The result is a system that calls for Webmasters to:

Produce and publish statistics for users
Analyze the log files for administrative purposes (e.g., to track down performance questions)
Analyze the log files for security concerns (e.g., to discover attacks against the Web servers)
Delete log files that aren't needed anymore, and archive log files you need to save

In this article, I'll describe how to build a system for managing log file rotation. I'll also discuss a free tool for analyzing log files and give some hints on log file management. I will focus on log files for the Apache Web server, but the logic applies also to other types of log files, since the underlying requirements are usually the same. The scripts described in this article are available for download at http://www.sysadminmag.com/code/.

Rotating Log Files

The Web server produces one or more log files. Because log files tend to grow, it is wise to compress the log files from time to time and switch to fresh files. The old log files get archived and, from this archived log file, you can later produce statistics. You will also need a strategy for how to manage the archive. The story may be somewhat more complicated, but the main components are shown in Figure 1. Each of these components can further be broken into smaller pieces.

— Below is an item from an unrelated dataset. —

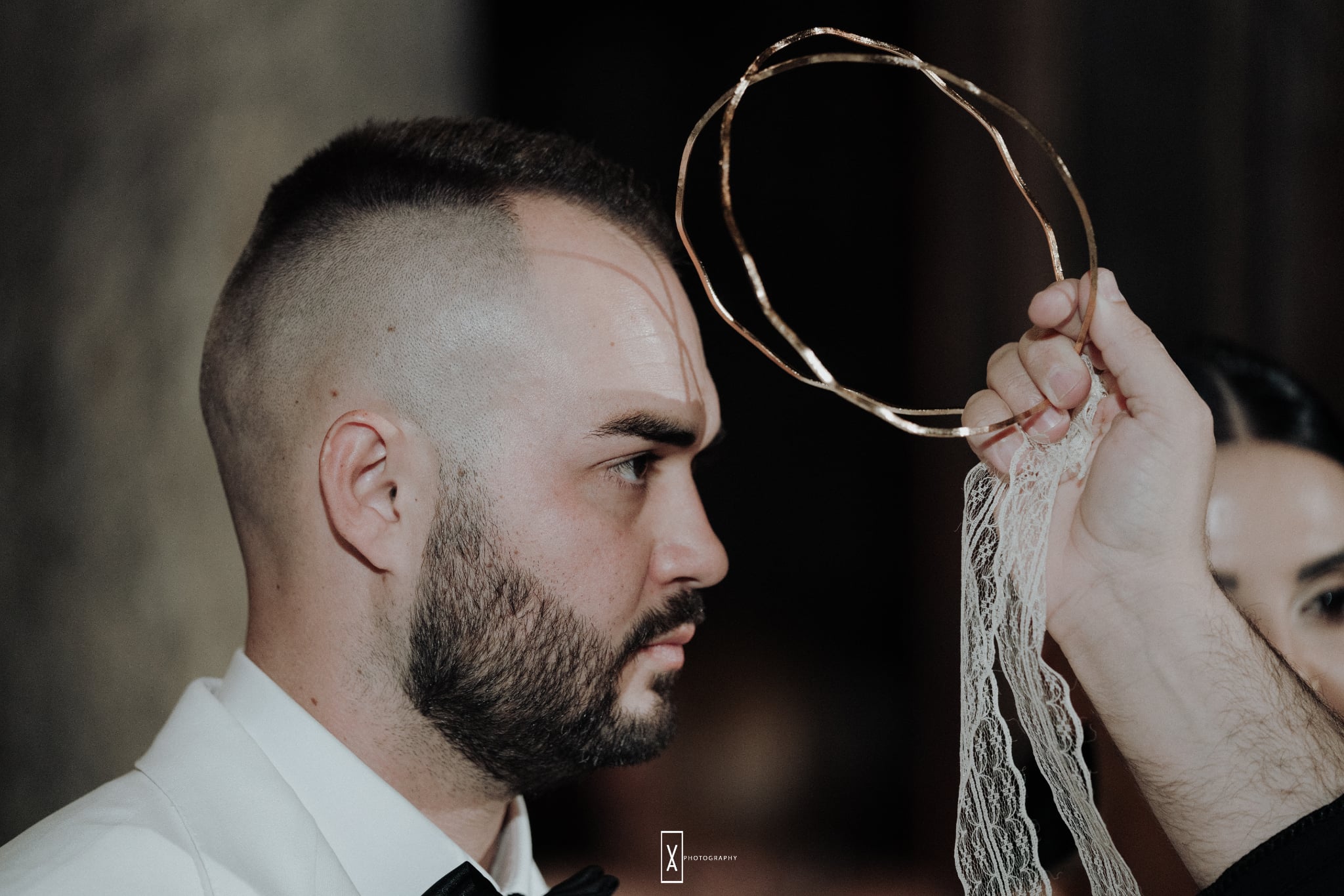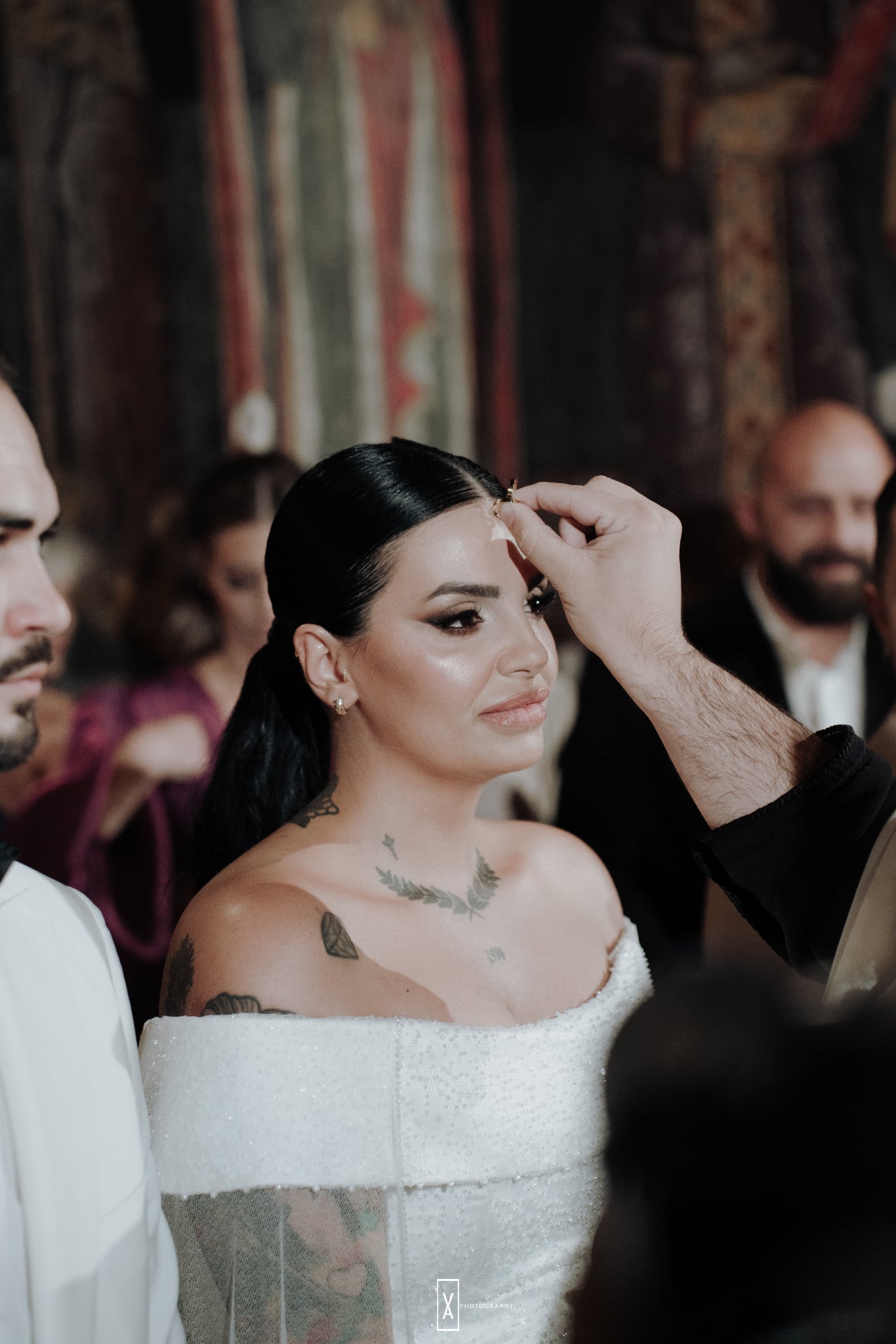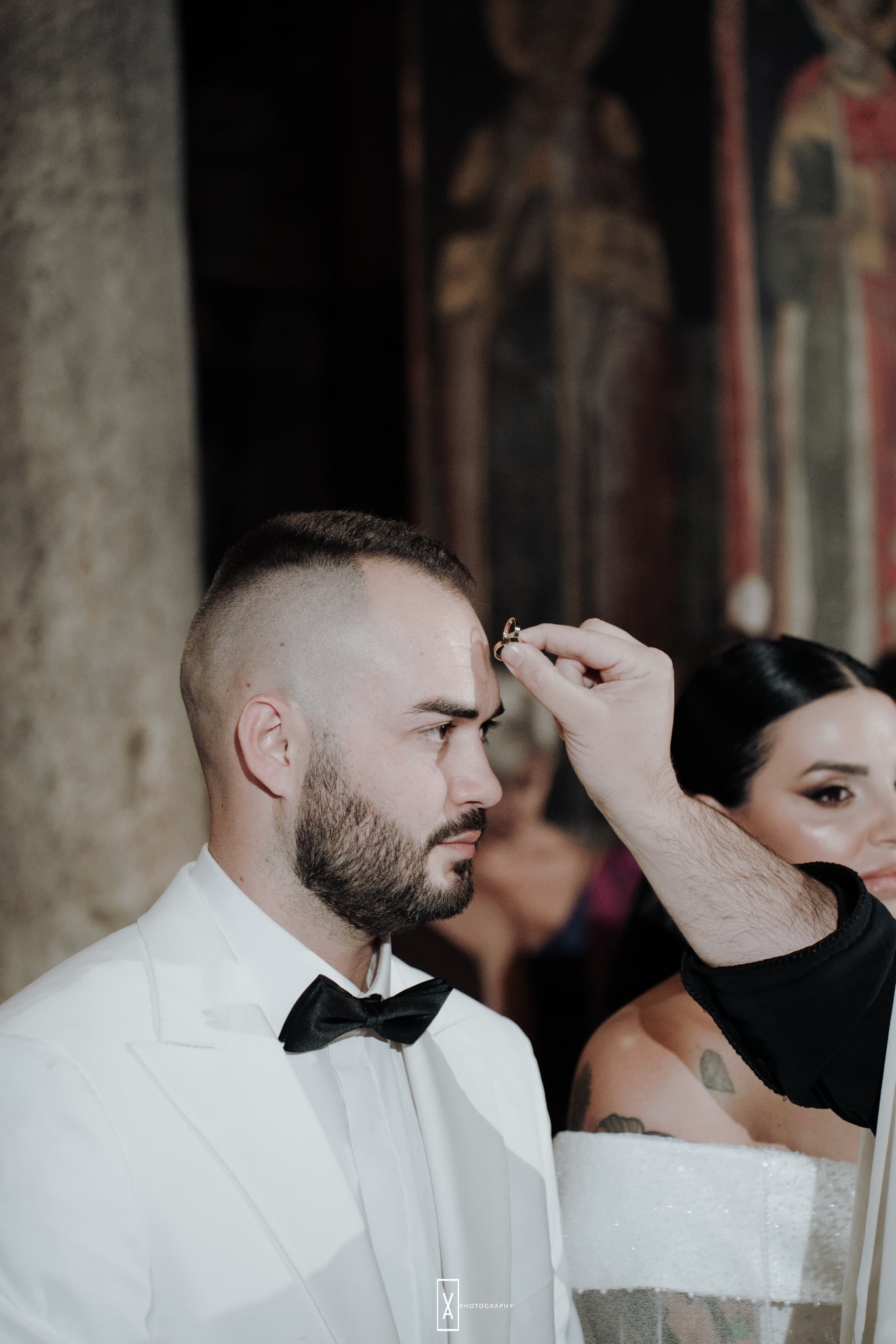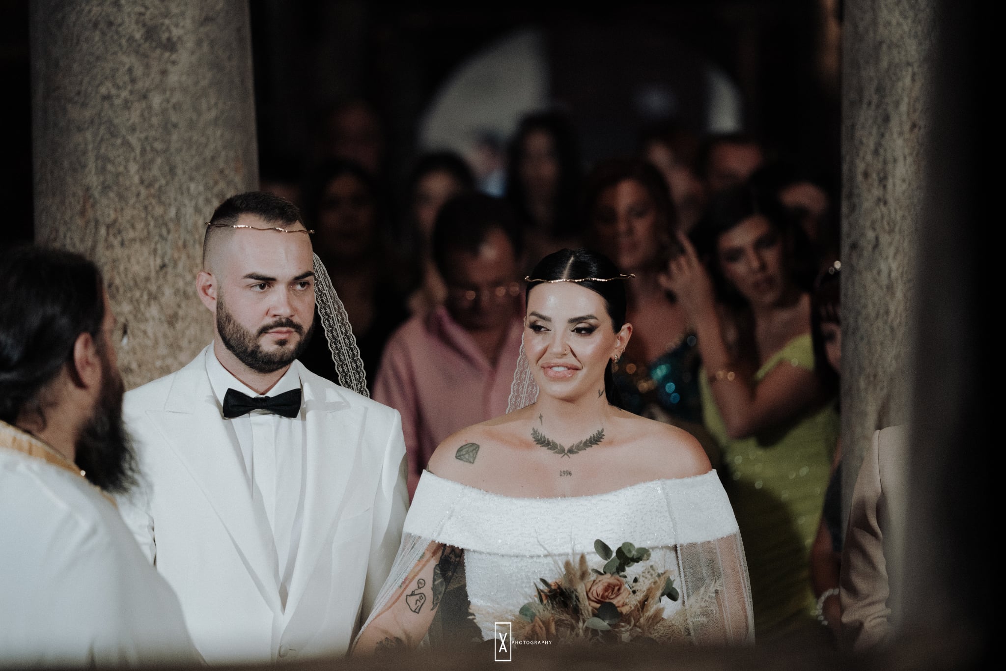 Το νεαρό ζευγάρι στεφάνωσαν ο Άρης Ζερμπίνης και ο Γιάννης Μπασαράς, ενώ οι εκατοντάδες φίλοι τους τους έραναν με ρύζι. Δείτε πως κατέγραψε το Ιερό Μυστήριο το team της V.A. Pgotography:

The management of log files consists of a log file rotation mechanism and a means for converting the file to a format suitable for subsequent processing. The term "log file rotation" may be somewhat misleading -- there's no real "rotation" of log files in the sense that you rotate tapes in a tape drive, but the "rotation" metaphor is nevertheless appropriate for the task of moving older data to an archive to make room for newer data. At first glance, this log file rotation task seems easy to achieve. You close the Web server, move the log files to a different place, and start the Web server again. If you have only one Web server implementing only one logical site, the task at hand seems rather simple.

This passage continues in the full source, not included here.